One possible explanation for the gain of control by one discriminative stimulus with prolonged exposure to training and/or testing is the development of a habit. Habit formation refers to the process by which a goal-driven performance (action-outcome association) developed during training becomes a habit-based performance solely controlled by antecedent stimuli (stimulus-response association) that progressively gain exclusive domination over behavior with extensive training (e.g., Adams and Dickinson 1981; Dickinson 1985). Recent neurological studies indicated that both timing behavior and habit formation share the same neural networks (for review, see Doyère and El Massioui 2016). The present study examined the potential development of habit-based timing performance using a classic devaluation procedure of the instrumental outcome by a specific satiety treatment in a temporal discrimination task. After moderate amounts of training, reward devaluation is expected to reduce responding on trials with the stimulus associated with that reward, but not on trials with the nondevalued reward, in accord with the devaluation literature (e.g., Dickinson 1985; Faure et al. 2005). After overtraining, however, the instrumental response becomes habitual, driven by the stimulus rather than by the reward properties of the outcome, and thus is less sensitive to reward devaluation.

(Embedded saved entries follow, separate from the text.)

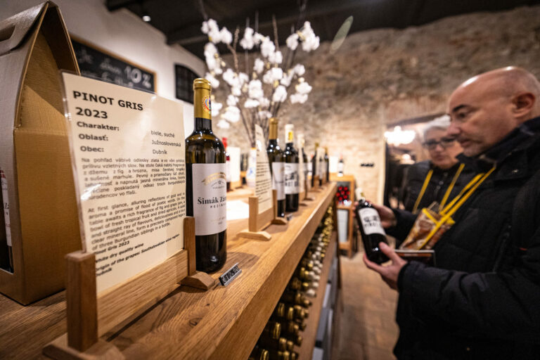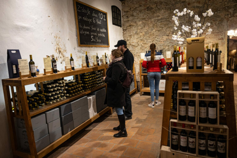 Návštevníci v Zámockom vinárstve v Pezinku počas 24. ročníka najväčšieho vinohradnícko - vinárskeho podujatia Deň otvorených pivníc 2024 v Malokarpatskom regióne od Bratislavy po Trnavu. Pezinok, 16. november 2024. Foto: SITA/Jana Birošová.
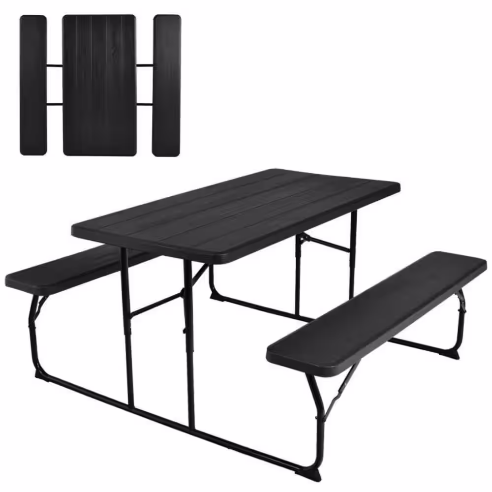 Clihome Black Rectangle Plastic Outdoor Folding Picnic Table Bench Set with Wood-Like Texture
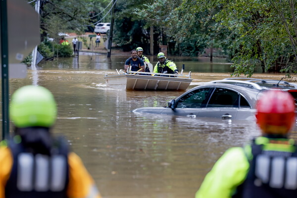 Οι αξιωματούχοι συνέχισαν τολμηρές διασώσεις με βάρκες, ελικόπτερα και μεγάλα οχήματα για να βοηθήσουν όσους είχαν εγκλωβιστεί στα νερά της πλημμύρας.
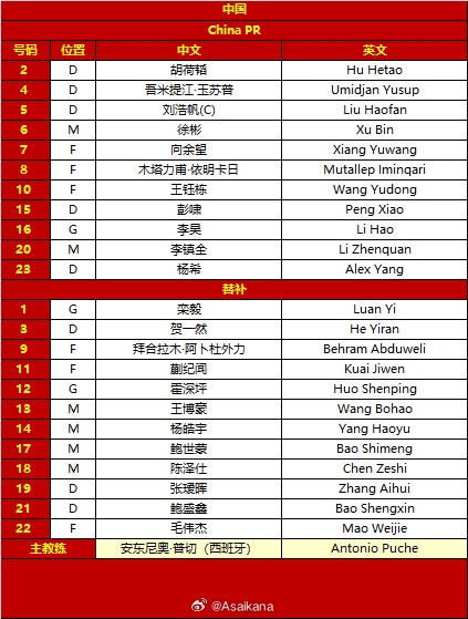 U23国足决赛对阵日本首发:
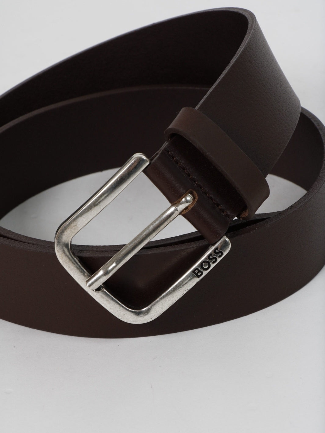 Janni Belt fra BOSS. Et brunt belte, laget av 100% lær. Beltet er detaljert med en sølvfarget spenne med inngravert BOSS-logo.
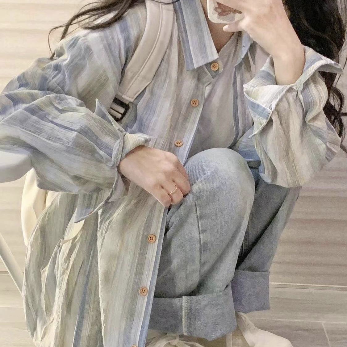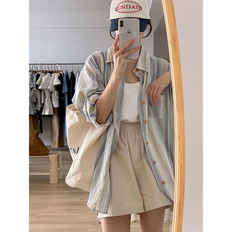 シャツ レディース ストライプカラー
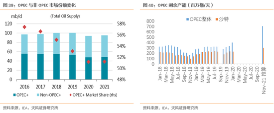 由于美国在2020年页岩油大幅减产后,预计2021年产量可能出现再度下降,OPEC+的市场份额在2016年持续下降后,2021年有望恢复。沙特在1月OPEC+会议上决定在接下来的两个月超额减产100万桶/天。沙特的考虑除了基于当前冬春季节疫情对需求的影响之外,还出于对页岩油产量短期难以反弹、进而对保有自身市场份额的底气。

During training and overtraining (see experimental design, Fig. 1A) of a temporal discrimination (2 versus 8 sec), correct responding to the short and long durations were associated with different actions (pressing the left or right levers) and different rewards (grain versus sucrose pellets) (Fig. 1B). The temporal discrimination training procedure was adapted from Callu et al. (2009). In brief, rats learned the discrimination in three phases. First (100% Forced choice), a tone stimulus was presented for either 2 or 8 sec and its termination coincided with the presentation of one lever, associated with the correct response and delivery of the reward for a response (40 trials for each duration per session). Second (50% Forced/50% Free choice), 40 trials were identical to the 100% Forced choice phase, and for the other 40 Free-choice trials, the 2- or 8-sec tone stimulus termination coincided with the presentation of both levers. Only a correct lever press produced the associated food. In the third phase (0% Forced/100% Free choice), all 80 trials were free-choice. All animals received discrimination training until accuracy reached 85% correct responding for two consecutive sessions. Animals of the overtraining group received 600 additional trials for each stimulus/action/reward pairing after they met the mastery criterion. The average number of training sessions across the three training phases was similar for the training and the overtraining groups (10.77 and 10.26, respectively, t(43) = 0.71, P = 0.48). Similarly, the mean accuracy of discrimination performance for the training and the overtraining groups on the last two sessions where they met the criterion was similar (94.29% and 95.43%, respectively; t(43) = 1.774, P = 0.083). The accuracy of discrimination performance during the overtraining phase was stable, averaging 98.18% across 15 sessions.

Figure 1.

Figure 1.

(A) General design of the experiment. The number under each group is the initial number of trained or overtrained animals; the number in parentheses is the final number of animals included in statistics, as three rats were eliminated because of experimental disturbances; (OT) overtraining. (B) Description of the experimental groups (within each training and overtraining group). For the discrimination, duration-lever-food assignments (duration: short versus long, position of the lever: left versus right and reward: grain versus sucrose pellets) were counterbalanced between rats, yielding four discrimination groups. During devaluation tests, two sessions were run to counterbalance food/anchor devaluation (for example, devaluating the food associated with the short anchor in the first test and the food associated with the long anchor in the second test), thus creating eight subgroups. The performance on the lever associated with the duration whose outcome was devalued was then compared with the performance on the lever associated with the other duration whose outcome was not devalued within the same session.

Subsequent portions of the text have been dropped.